**Task item:** Which lines come from the start of the listing through the line holding "[아시아경제 노해섭 기자]가을비가"? Restate exactly those, both included, minus the pictures.

**Dataset section:**
---

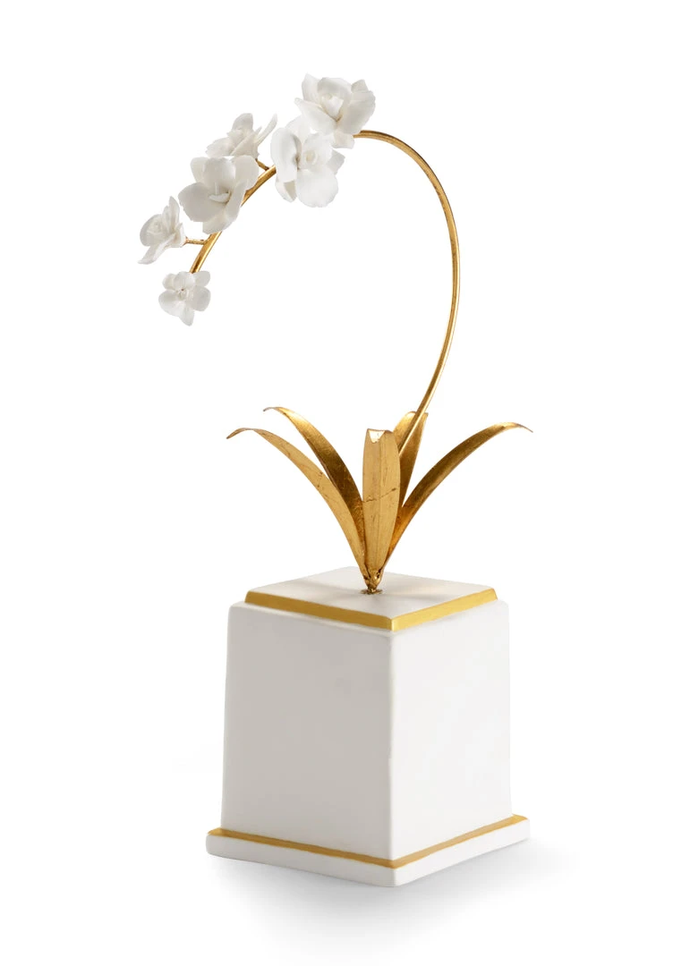 Add Elegance To Any Table Or Bookshelf With This Lovely Orchid. Base And Flowers Are Hand Crafted Of Matte White Fine Porcelain With Gold Trim. Leaves Are Metal With Antique Gold Leaf Finish. Designed By Bradshaw Orrell.
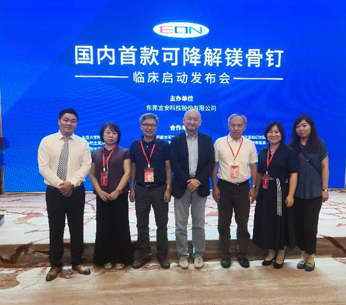 金屬鎂及其合金由于在人體環(huán)境中可發(fā)生腐蝕降解,并被人體吸收,因而可以避免臨床用鈦合金、不銹鋼等植入器件的二次手術(shù)取出問題,被譽(yù)為“革命性的醫(yī)用金屬材料”。中科院金屬研究所楊柯研究員團(tuán)隊(duì)從2004年開始可降解鎂基金屬及相關(guān)器件的研究開發(fā)工作,開發(fā)出包括骨折固定器件、心血管支架、界面釘、胃腸吻合釘、骨填充材料等多種可降解鎂基金屬醫(yī)療器械產(chǎn)品,并與國內(nèi)的相關(guān)醫(yī)療器械公司合作進(jìn)行產(chǎn)品的臨床轉(zhuǎn)化。近期,以團(tuán)隊(duì)為技術(shù)支持的東莞宜安科技股份有限公司開發(fā)的可降解純鎂骨釘產(chǎn)品獲得國家藥品監(jiān)督管理局的臨床批件,成為國內(nèi)第一個(gè)獲得臨床批件的可降解鎂基金屬III類(植入類)醫(yī)療器械產(chǎn)品,意味著我國在該領(lǐng)域中的產(chǎn)品臨床轉(zhuǎn)化獲得突破性進(jìn)展。東莞宜安科技股份有限公司于2019年7月19日召開了該產(chǎn)品的臨床啟動(dòng)發(fā)布會(huì),金屬所的楊柯研究員、譚麗麗研究員、楊院生研究員、張炳春研究員等出席了發(fā)布會(huì),楊柯研究員代表團(tuán)隊(duì)發(fā)言。
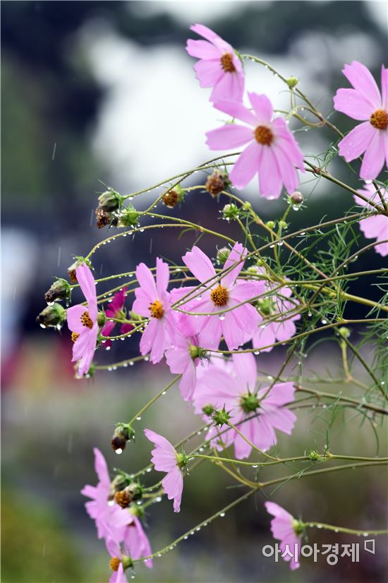 [아시아경제 노해섭 기자]가을비가 촉촉이 내리는 가운데 30일 ‘제16회 곡성심청축제’가 열리고 있는 섬진강 기차마을에 핀 가을의 전령사인 코스모스가 가을비를 머금고 아름다운 자태를 뽐내고 있다. 곡성 심청축제는 9월 30일부터 10월 3일까지 가을빛이 절정인 곡성 섬진강 기차마을에서 펼쳐진다.
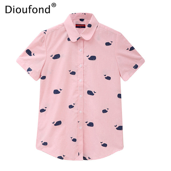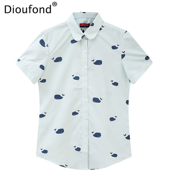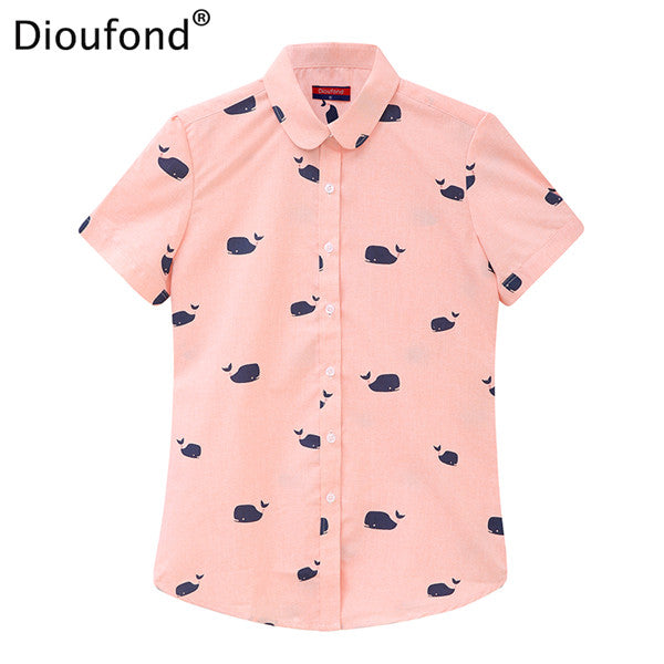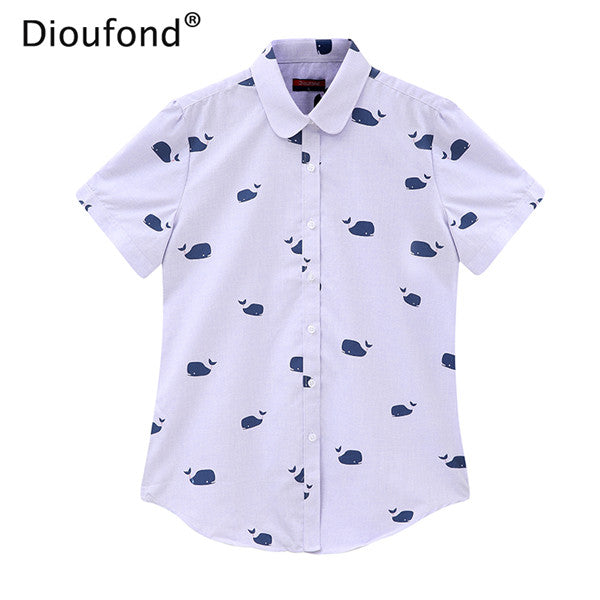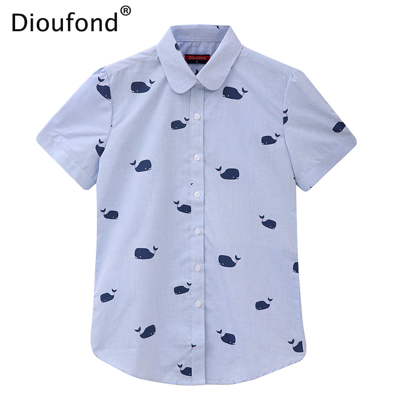 Dioufond Summer Short Sleeve Animal Print Blouses New Turn Down Collar Cotton Casual Women Shirts Plus Size 5XL Tops 2017

---

**Answer section:**
 Add Elegance To Any Table Or Bookshelf With This Lovely Orchid. Base And Flowers Are Hand Crafted Of Matte White Fine Porcelain With Gold Trim. Leaves Are Metal With Antique Gold Leaf Finish. Designed By Bradshaw Orrell.
 金屬鎂及其合金由于在人體環(huán)境中可發(fā)生腐蝕降解,并被人體吸收,因而可以避免臨床用鈦合金、不銹鋼等植入器件的二次手術(shù)取出問題,被譽(yù)為“革命性的醫(yī)用金屬材料”。中科院金屬研究所楊柯研究員團(tuán)隊(duì)從2004年開始可降解鎂基金屬及相關(guān)器件的研究開發(fā)工作,開發(fā)出包括骨折固定器件、心血管支架、界面釘、胃腸吻合釘、骨填充材料等多種可降解鎂基金屬醫(yī)療器械產(chǎn)品,并與國內(nèi)的相關(guān)醫(yī)療器械公司合作進(jìn)行產(chǎn)品的臨床轉(zhuǎn)化。近期,以團(tuán)隊(duì)為技術(shù)支持的東莞宜安科技股份有限公司開發(fā)的可降解純鎂骨釘產(chǎn)品獲得國家藥品監(jiān)督管理局的臨床批件,成為國內(nèi)第一個(gè)獲得臨床批件的可降解鎂基金屬III類(植入類)醫(yī)療器械產(chǎn)品,意味著我國在該領(lǐng)域中的產(chǎn)品臨床轉(zhuǎn)化獲得突破性進(jìn)展。東莞宜安科技股份有限公司于2019年7月19日召開了該產(chǎn)品的臨床啟動(dòng)發(fā)布會(huì),金屬所的楊柯研究員、譚麗麗研究員、楊院生研究員、張炳春研究員等出席了發(fā)布會(huì),楊柯研究員代表團(tuán)隊(duì)發(fā)言。
 [아시아경제 노해섭 기자]가을비가 촉촉이 내리는 가운데 30일 ‘제16회 곡성심청축제’가 열리고 있는 섬진강 기차마을에 핀 가을의 전령사인 코스모스가 가을비를 머금고 아름다운 자태를 뽐내고 있다. 곡성 심청축제는 9월 30일부터 10월 3일까지 가을빛이 절정인 곡성 섬진강 기차마을에서 펼쳐진다.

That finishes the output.